=== PROVIDED DATA ===

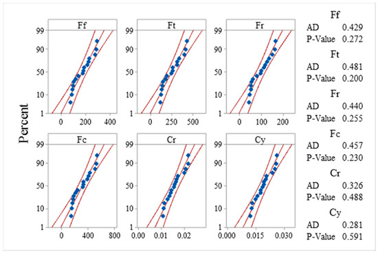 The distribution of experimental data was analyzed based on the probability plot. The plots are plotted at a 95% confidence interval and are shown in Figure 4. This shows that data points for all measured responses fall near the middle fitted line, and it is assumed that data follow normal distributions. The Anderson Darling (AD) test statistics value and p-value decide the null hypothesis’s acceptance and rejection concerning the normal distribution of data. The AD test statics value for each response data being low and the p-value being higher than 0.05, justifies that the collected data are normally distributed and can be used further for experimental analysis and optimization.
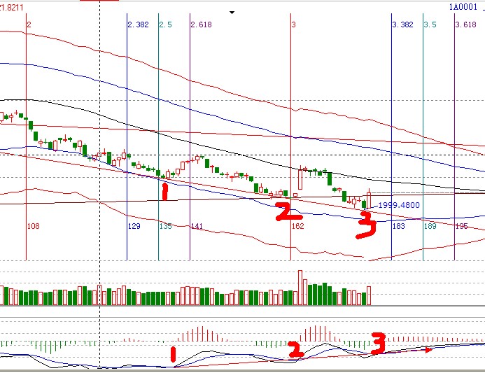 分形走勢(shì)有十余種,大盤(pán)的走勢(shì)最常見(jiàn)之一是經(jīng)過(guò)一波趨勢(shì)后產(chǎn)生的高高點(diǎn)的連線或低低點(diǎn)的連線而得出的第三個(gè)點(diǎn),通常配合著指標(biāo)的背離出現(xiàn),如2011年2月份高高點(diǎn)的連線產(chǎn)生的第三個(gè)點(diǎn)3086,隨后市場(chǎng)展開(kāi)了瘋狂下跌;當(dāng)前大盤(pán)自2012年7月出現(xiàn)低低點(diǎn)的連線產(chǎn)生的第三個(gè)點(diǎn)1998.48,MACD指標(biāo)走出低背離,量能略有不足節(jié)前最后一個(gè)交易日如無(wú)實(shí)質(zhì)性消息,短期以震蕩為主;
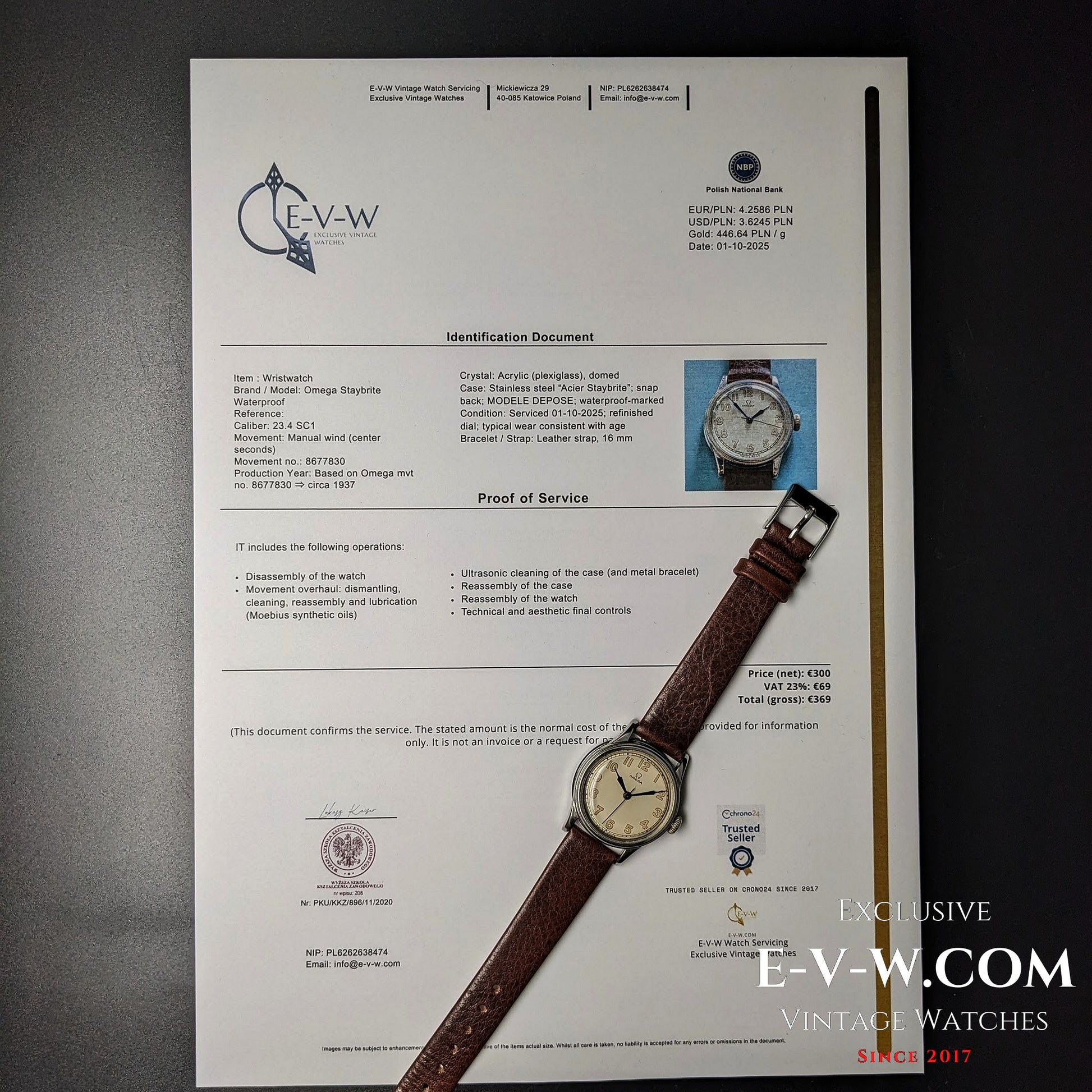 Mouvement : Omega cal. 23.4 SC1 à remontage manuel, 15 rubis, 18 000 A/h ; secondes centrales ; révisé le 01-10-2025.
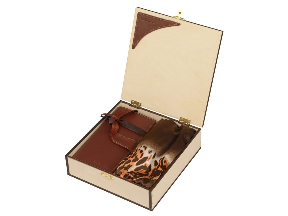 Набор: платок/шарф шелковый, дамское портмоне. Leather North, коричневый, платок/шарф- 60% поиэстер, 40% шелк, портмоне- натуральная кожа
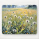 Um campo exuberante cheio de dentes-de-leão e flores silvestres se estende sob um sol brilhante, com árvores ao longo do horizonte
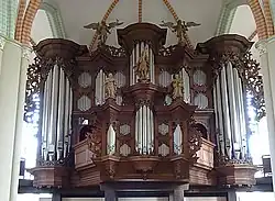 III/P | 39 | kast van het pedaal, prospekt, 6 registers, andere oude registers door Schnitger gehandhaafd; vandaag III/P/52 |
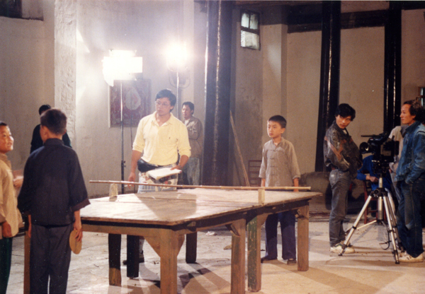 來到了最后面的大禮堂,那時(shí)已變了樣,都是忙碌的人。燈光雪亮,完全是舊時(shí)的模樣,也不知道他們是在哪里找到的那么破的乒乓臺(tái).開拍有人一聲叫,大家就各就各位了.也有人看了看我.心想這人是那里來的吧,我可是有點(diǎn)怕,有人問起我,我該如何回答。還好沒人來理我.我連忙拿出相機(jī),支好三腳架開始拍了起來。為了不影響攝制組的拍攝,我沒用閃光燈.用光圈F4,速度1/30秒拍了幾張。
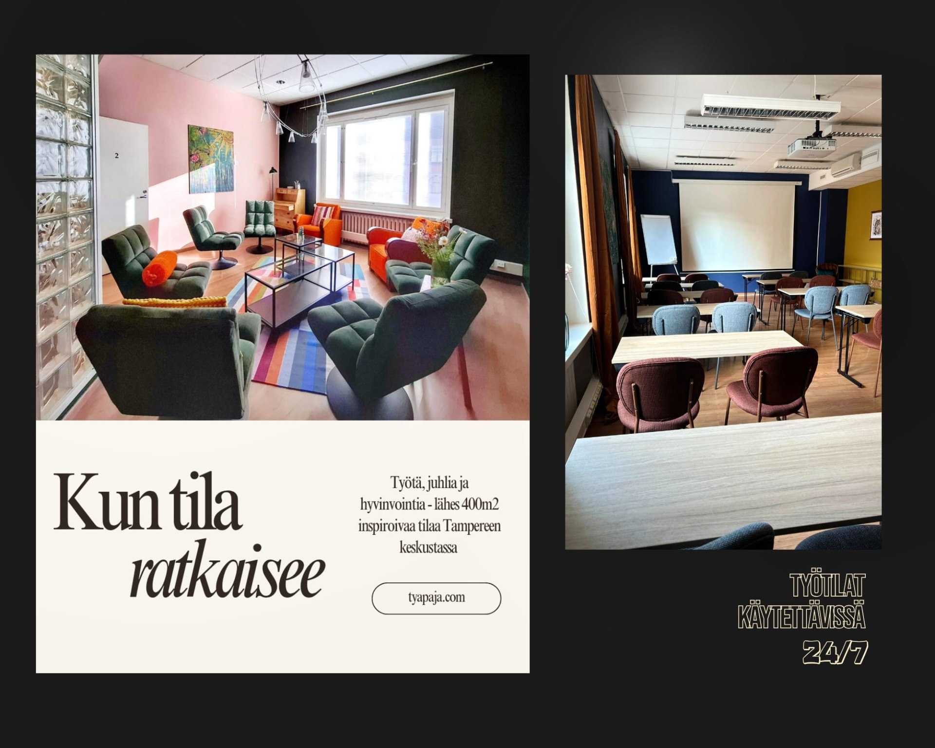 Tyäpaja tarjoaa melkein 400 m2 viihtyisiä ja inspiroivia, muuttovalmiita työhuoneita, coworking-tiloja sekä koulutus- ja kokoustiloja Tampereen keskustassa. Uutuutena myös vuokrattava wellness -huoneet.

===

## WORK TASK
Your task is to retype the records above in full and exactly, omitting the pictures.

## TASK RESULT
 The distribution of experimental data was analyzed based on the probability plot. The plots are plotted at a 95% confidence interval and are shown in Figure 4. This shows that data points for all measured responses fall near the middle fitted line, and it is assumed that data follow normal distributions. The Anderson Darling (AD) test statistics value and p-value decide the null hypothesis’s acceptance and rejection concerning the normal distribution of data. The AD test statics value for each response data being low and the p-value being higher than 0.05, justifies that the collected data are normally distributed and can be used further for experimental analysis and optimization.
 分形走勢(shì)有十余種,大盤(pán)的走勢(shì)最常見(jiàn)之一是經(jīng)過(guò)一波趨勢(shì)后產(chǎn)生的高高點(diǎn)的連線或低低點(diǎn)的連線而得出的第三個(gè)點(diǎn),通常配合著指標(biāo)的背離出現(xiàn),如2011年2月份高高點(diǎn)的連線產(chǎn)生的第三個(gè)點(diǎn)3086,隨后市場(chǎng)展開(kāi)了瘋狂下跌;當(dāng)前大盤(pán)自2012年7月出現(xiàn)低低點(diǎn)的連線產(chǎn)生的第三個(gè)點(diǎn)1998.48,MACD指標(biāo)走出低背離,量能略有不足節(jié)前最后一個(gè)交易日如無(wú)實(shí)質(zhì)性消息,短期以震蕩為主;
 Mouvement : Omega cal. 23.4 SC1 à remontage manuel, 15 rubis, 18 000 A/h ; secondes centrales ; révisé le 01-10-2025.
 Набор: платок/шарф шелковый, дамское портмоне. Leather North, коричневый, платок/шарф- 60% поиэстер, 40% шелк, портмоне- натуральная кожа
 Um campo exuberante cheio de dentes-de-leão e flores silvestres se estende sob um sol brilhante, com árvores ao longo do horizonte
 III/P | 39 | kast van het pedaal, prospekt, 6 registers, andere oude registers door Schnitger gehandhaafd; vandaag III/P/52 |
 來到了最后面的大禮堂,那時(shí)已變了樣,都是忙碌的人。燈光雪亮,完全是舊時(shí)的模樣,也不知道他們是在哪里找到的那么破的乒乓臺(tái).開拍有人一聲叫,大家就各就各位了.也有人看了看我.心想這人是那里來的吧,我可是有點(diǎn)怕,有人問起我,我該如何回答。還好沒人來理我.我連忙拿出相機(jī),支好三腳架開始拍了起來。為了不影響攝制組的拍攝,我沒用閃光燈.用光圈F4,速度1/30秒拍了幾張。
 Tyäpaja tarjoaa melkein 400 m2 viihtyisiä ja inspiroivia, muuttovalmiita työhuoneita, coworking-tiloja sekä koulutus- ja kokoustiloja Tampereen keskustassa. Uutuutena myös vuokrattava wellness -huoneet.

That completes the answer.